Releases: oracle-quickstart/oci-hpc-oke
Releases · oracle-quickstart/oci-hpc-oke
OKE RDMA Quickstart Resource Manager template v25.10.0
- Kubernetes upgrade: Added support for Kubernetes v1.34
 - Documentation: New guide — Deploying Prometheus & Grafana Stack with Dashboards and Alerts manually
 - Health checks:
- Added RCCL tests
 - Added RocM Validation Suite (RVS) 
gst_singlefor AMD validation 
 - Grafana access link: Default domain updated to 
endpoint.oci-hpc.ai, configurable for custom domains - Component updates: Refreshed dependencies and minor fixes across the stack
 
Full Changelog: v25.9.0...v25.10.0
OKE RDMA Quickstart Resource Manager template v25.9.0
- Option to provision a shared Lustre file system and a PV backed by the Lustre file system
 - Fully private clusters using Resource Manager Private Endpoint for deployment
 - Same dashboards and notifications with the Slurm stack
 - Option to use Oracle Linux for non-RDMA pools
 - Component updates
 
OKE RDMA Quickstart Resource Manager template v25.5.1
This is a hotfix release to fix the breaking Helm provider change.
More info about the change here: hashicorp/terraform-provider-helm#1637
OKE RDMA Quickstart Resource Manager template v25.5.0
- Added AMD Device Metrics Exporter
 - Added AMD dashboards
 
OKE RDMA Quickstart Resource Manager template v25.4.0
- Added Kubernetes v1.32
 - Changed the default number of maximum pods per node to 110
 
OKE RDMA Quickstart Resource Manager template v25.3.1
- OKE AMD GPU device plugin is enabled for BM.GPU.MI300X.8 shape
 - OKE DCGM Exporter is disabled (upstream DCGM Exporter is deployed)
 - Helm fix for Grafana load balancer not being deleted properly on Terraform destroy
 - Updated the health checks for Node Problem Detector
 - Updated Grafana dashboards
 - Added the required policies for Oracle Cloud Agent GPU/RDMA monitoring
 
OKE RDMA Quickstart Resource Manager template v25.3.0
- VCN-native pod networking is now the default option for pod networking instead of Flannel.
 - Node Problem Detector is now deployed part of the stack and integrated with the Prometheus/Grafana stack for alerting.
 - Switched to using the upstream OKE Terraform module.
 
OKE RDMA Quickstart Resource Manager template v25.3.0-beta
- VCN-native pod networking is now the default option for pod networking instead of Flannel.
 - Node Problem Detector is now deployed part of the stack.
 - Fixed a Node Exporter issue preventing metrics from being streamed from bare metal GPU nodes.
 
OKE RDMA Quickstart Resource Manager template v25.2.0
- The OKE GPU Device plugin is now enabled by default.
 - Added Kubernetes version 1.30 & 1.31.
 
OKE RDMA Quickstart Resource Manager template v24.10.0
Important
Because we moved to Terraform v1.5, this new release is a breaking change.

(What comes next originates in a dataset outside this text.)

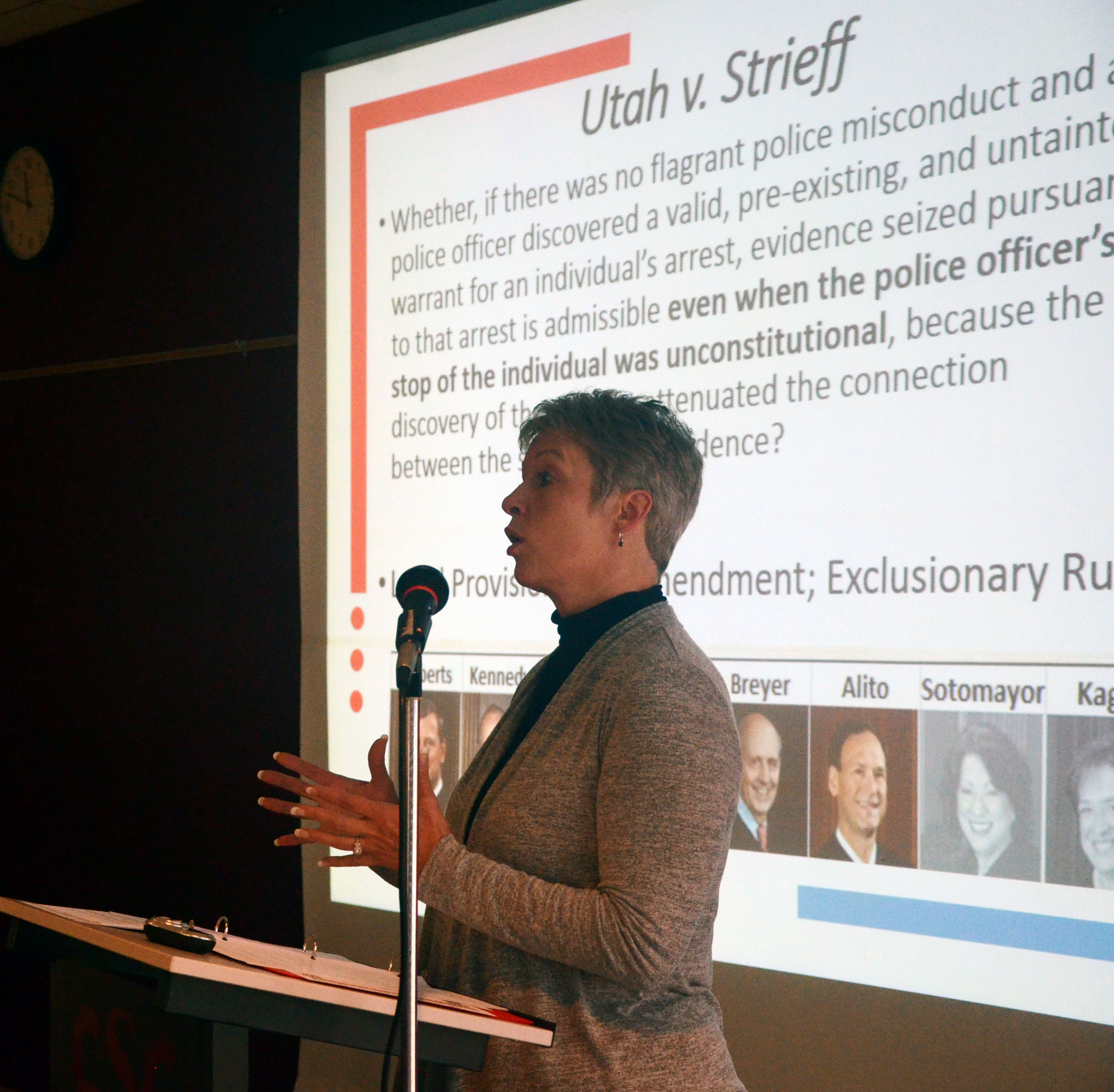 The seminar was opened up by Bogner and James Wada, associate professor and department chair of justice studies, who briefly went into discussion about the untimely death of Justice Antonin Scalia, and the impact that death had on the decisions that were made following it.

Do not deploy this stack in your existing OKE clusters, only use for deploying new clusters.
- Updated to Terraform v1.5, the same templates can now be used for both OCI Resource Manager and regular Terraform.
 - The bastion and operator nodes now use Ubuntu.

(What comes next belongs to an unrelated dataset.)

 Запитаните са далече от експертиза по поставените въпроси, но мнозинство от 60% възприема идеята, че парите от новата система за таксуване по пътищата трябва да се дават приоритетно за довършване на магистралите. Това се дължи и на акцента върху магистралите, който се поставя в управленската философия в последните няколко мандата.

 - Added an option to deploy the Prometheus/Grafana stack with DCGM Exporter.
 - Added an option to create a RAID 0 array using the local NVMe drives on the nodes and configure Kubernetes to use it for container storage.
 - Added options to create storage classes for FSS (File Storage Service) and high performance block volumes.